Eruptions of volcanoes
 When pressure from gases within magma become too great, the gases are pushed to the surface. Volcanic hazards include gases, lava, pyroclastic flows, landslides, earthquakes, and dangerous eruptions. Eruptions can be very quiet, producing lava flows that creep across the land at 2 to 10 miles per hour. Dangerous eruptions can shoot columns of gases and rock fragments tens of miles into the atmosphere, spreading ash hundreds of miles downwind.

 

The Deadliest Volcano
Mount Saint Helens was the deadliest volcano that ever occurred. The blast uprooted surrounding trees. A 200-mile per hour wind caused giant rocks and destroyed the trees. The rocks traveled so fast they started an avalanche. The avalanche hit a ridge and split in two. One part of it poured into Spirit Lake. The main part of the avalanche went to the valley of North Fork of the Toutle River. Minutes later Mount Saint Helens Began to erupt. A dark column of ash rose miles into the sky. Lightening flashed in the ash clouds and started forest fires. In Yakima, Washington 80 miles away it was so dark the street lights turned on at noon.

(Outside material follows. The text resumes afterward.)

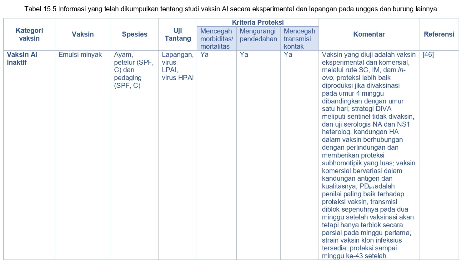 Kebanyakan vaksin AI yang diregistrasi dan digunakan di lapangan adalah vaksin AI inaktif penuh diberikan izin untuk diberikan secara parenteral (subkutan atau intramuskuler) (Tabel 15.5) [330]. Vaksin non-replikasi semacam itu dipilih karena faktor keamanan pada hospes konvensional maupun hospes dengan kondisi imun yang lemah. Akan tetapi, dalam rangka menginduksi kekebalan protektif, vaksin inaktif memerlukan injeksi antigen dalam jumlah banyak, dan penambahan adjuvan sangat memicu proses immunogenik [338]. Rute dan waktu vaksinasi akan mempengaruhi immunogenik dan efikasi respons imun terhadap vaksin. Sering kali vaksin AI dikombinasikan dengan vaksin virus lainnya maupun bakteri dan diberikan berturut-turut dalam waktu yang sudah di tentukan secara spesifik dalam masa hidup unggas, dan permasalahan logistik terkait hal itu haruslah dipertimbangkan saat mengembangkan program pengendalian AI. Banyak studi eksperimental telah menggambarkan efikasi vaksin AI inaktif pada spesies Avian (Tabel 15.5).

Ash fell like snow that wouldn’t melt. The eruption continued for 9 hours. After noon the color of the ash column became lighter. The volcano began giving off huge flows of pumice and ash. The material  was extremely hot with temperatures of 1,000 degrees Fahrenheit, and it traveled down the mountains at speeds of 100 miles per hour. The flows went on until 5:30 P.M. They formed a wedge-shaped plain of pumice on the side of the mountain. Two weeks later the temperatures in the pumice were unchanged. Finally, there were mudflows, which started when the heat from the blast melted ice and snow on the mountaintop. The water mixed ash, pumice, dirt, and rocks of the avalanche. The result was a thick mixture that was like wet concrete, a mudflow. The mudflows traveled fast scouring the landscape and sweeping down the slopes into river valleys. Together their speed and thickness did great damage. The largest mudflow was made of avalanche material from the valley of North Fork of the Toutle River. It changed down the river valley, tearing out steel bridges , ripping houses apart, picking up boulders and  trucks and carrying them along. Miles away it choked the Cowlitz River and blocked shipping channels in the Columbia River. Finally, the mudflows stopped. Mount Saint Helens was 1,300 feet shorter. The north side of it changed from a green lovely slope to a fan-shaped wasteland. That was the end of the eruption.